The same is true for claims that the EG will upend American elections. The disruptive potential is entirely a function of the test that is applied. A test that prioritized partisan fairness and offered little wiggle room around the ideal 2-1 ratio would have large effects; a test that prioritized other interests in redistricting and legitimized large EG values would have small ones.
Even the concerns about what the EG does not measure are really arguments about what a potential legal test should include. The Supreme Court might use the EG as one criterion for defining an unconstitutional gerrymander and then include others such as district shape, competitiveness, minority representation and the like – each with its own legitimate measure. In fact, the EG test Stephanopoulos and I proposed allowed for such a mixture of ideas (albeit after the EG was employed to identify a problematic case). The Supreme Court has a lot of flexibility.

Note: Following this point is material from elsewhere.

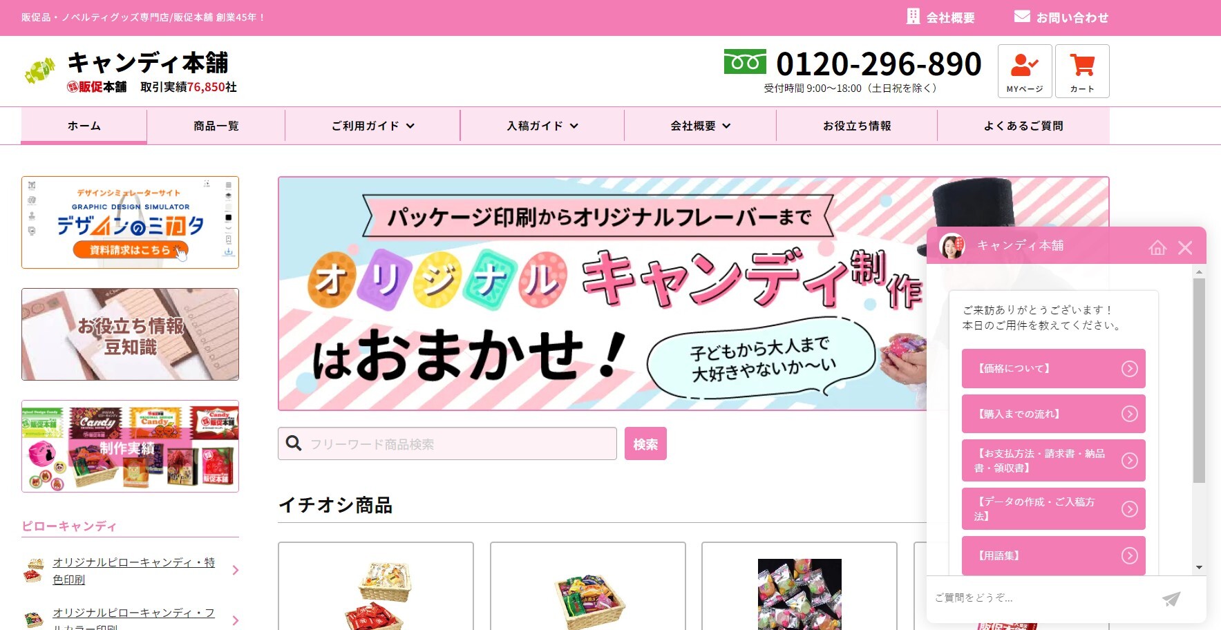 「キャンディ本舗」は、販促用のオリジナルキャンディを専門に販売するECサイトです。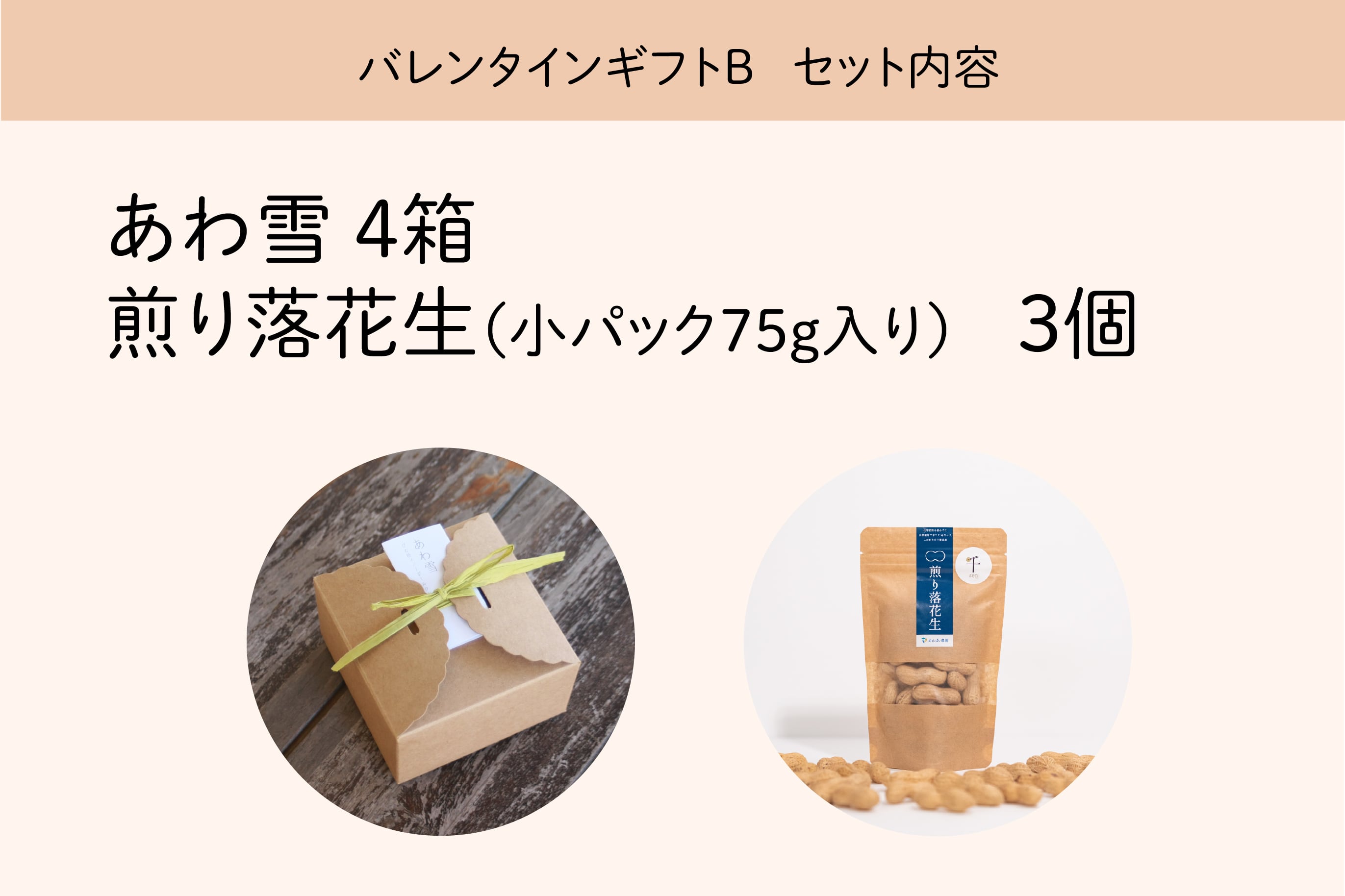 バレンタインシーズンに合わせて、落花生の香ばしさが嬉しい、ぴな粉のスノーボールクッキー「あわ雪」の音楽付きギフトセットをご用意しました。

At the end of the day, measures are tools. If well designed, they provide a consistent, systematic means of knowing how much one has of some specific thing. Whether that information is useful for governing is a matter of values and principles that a measure cannot resolve. The justices must decide for themselves what makes the most sense for the country. Whatever they decide, the EG can be a flexible and powerful tool for guiding their decision.